Мы своему двухлетнему показали живот (уже вырос), сказали, что там живет малыш. Он сам отчего-то решил, что малыш спит, теперь ходит пальцем показывает, что там у меня "бейби патч" = бейби спит. Ну и еще первые дни он порывался выпячивать свой живот и приговаривать, что у него там, мол, тоже бейби. Муж ему объяснил, что ребенок только у мамы. Теперь на свой живот он тыкает и говорит "бейби гон=baby gone=ребенок ушел". Не уверена, что он прям вот очень понимает, но разговоры ведутся. А что еще можно сделать в рамках подготовки?

----------


## kazangi

у нас все проще, когда уле было 2, у ее крестного родилась дочь, т.е. она видела и живот и потом его отсутствие и появившуюся лялю, плюс мы ее брали на "обмывание пяток" и она слушала разговоры о родах, о том что "тетя Катя и ляля в роддоме" и "как же вы ее назовете", смотрела фотки на мобильнике, короче сложила в голове цепочку: живот-живота нет- есть ляля-праздник. Для закрепления случай повторился))) у наших соседей родился второй малыш, Улиному другу братик. Опять же, живот-живота нет-у сени появился братик-праздник.

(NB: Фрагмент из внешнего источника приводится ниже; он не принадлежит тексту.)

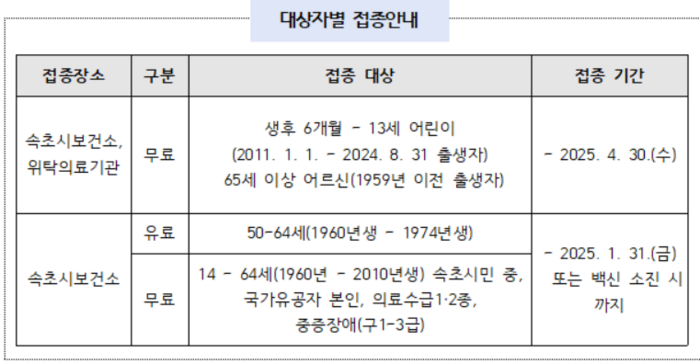 대상자별 지정 의료기관은 속초시보건소 및 예방접종 누리집에서 확인할 수 있으며, 자세한 문의사항은 속초시보건소(☏033-639-2921,3479)로 연락하면 된다.

Ну и когда мы заговорили о ляле, она уже не удивлялась, уверенно говорила, что ляля в животе, спрашивает у меня про приданое "как ты думаешь, ляле понравится?" ))))))))))))))))) Сама догадалась, что у кошки в животе котятки... Мы разговор заводим редко, но по поводу - купленной вещи или увиденных малышей или она сама заводит разговор, что "у всех есть ляли и у нас скоро будет своя ляля"

----------


## MARY

> Он сам отчего-то решил, что малыш спит, теперь ходит пальцем показывает, что там у меня "бейби патч" = бейби спит. Ну и еще первые дни он порывался выпячивать свой живот и приговаривать, что у него там, мол, тоже бейби. Муж ему объяснил, что ребенок только у мамы. Теперь на свой живот он тыкает и говорит "бейби гон=baby gone=ребенок ушел". Не уверена, что он прям вот очень понимает, но разговоры ведутся. А что еще можно сделать в рамках подготовки?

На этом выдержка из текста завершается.